Malgré tout, je me réjouis à l’idée de pouvoir être là pour mes élèves, de les guider, de les accompagner, de les rassurer car au delà de toutes les polémiques, de tous les “ratages”, de toutes les incohérences, c’est bien la seule chose qui doit rester notre objectif. Et j’essaie de ne pas m’autoriser à dire que ma situation était pire que celle des autres, au contraire, j’essaie (je dis bien j’essaie) de me dire qu’il y a bien pire situation que la mienne même si rien n’a été simple et de ce fait, j’essaie (je dis bien j’essaie) de ne pas me plaindre en continu…

On n’a pas digéré, je n’ai pas digéré certaines choses mais je place de l’espoir dans mes élèves, dans les professeurs géniaux (ma #teammimi, mon écogestfamily, mes PE, mes profs de SVT chouchous…) avec lesquels j’échange sur Twitter ou ailleurs, de l’espoir dans ce mur collaboratif qui s’est enrichi au fur et à mesure du confinement, de l’espoir dans les projets que nous sommes en train de mettre en place avec mes collègues donc de l’espoir dans l’entraide que l’on peut renforcer et qui nous aidera très certainement à construire un beau chemin pour nos élèves.

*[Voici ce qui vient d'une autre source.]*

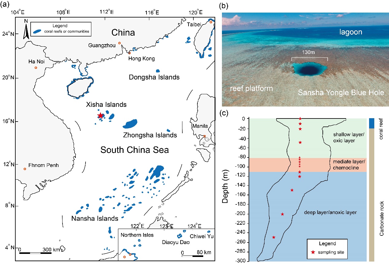 近日,我院海洋生物与生态教研室陈飚博士等在中国科学院一区Top期刊Microbiology Spectrum发表了题为“The diversity, community dynamics, and interactions of the microbiome in the world’s deepest blue hole: insights into extreme environmental response patterns and tolerance of marine microorganisms”的研究论文。该研究基于微生物组学技术,对西沙群岛珊瑚礁区的世界最深蓝洞—三沙永乐龙洞(300.89m)14个深度剖面的水体微生物进行了研究,解析微生物主要功能类群(虫黄藻、细菌、真菌以及古菌)在不同深度极端环境下的多样性变化、生态特征及其生物地球化学循环功能差异。

Et je remercie donc toutes les personnes qui m’ont aidée à traverser cette période, je remercie mes élèves pour leurs efforts, pour avoir été assez forts pour traverser tout ça, et j’espère sincèrement ne plus jamais revivre un épisode aussi compliqué et que les blessures finiront par s’estomper, s’effacer… même si je sais que ça sera difficile.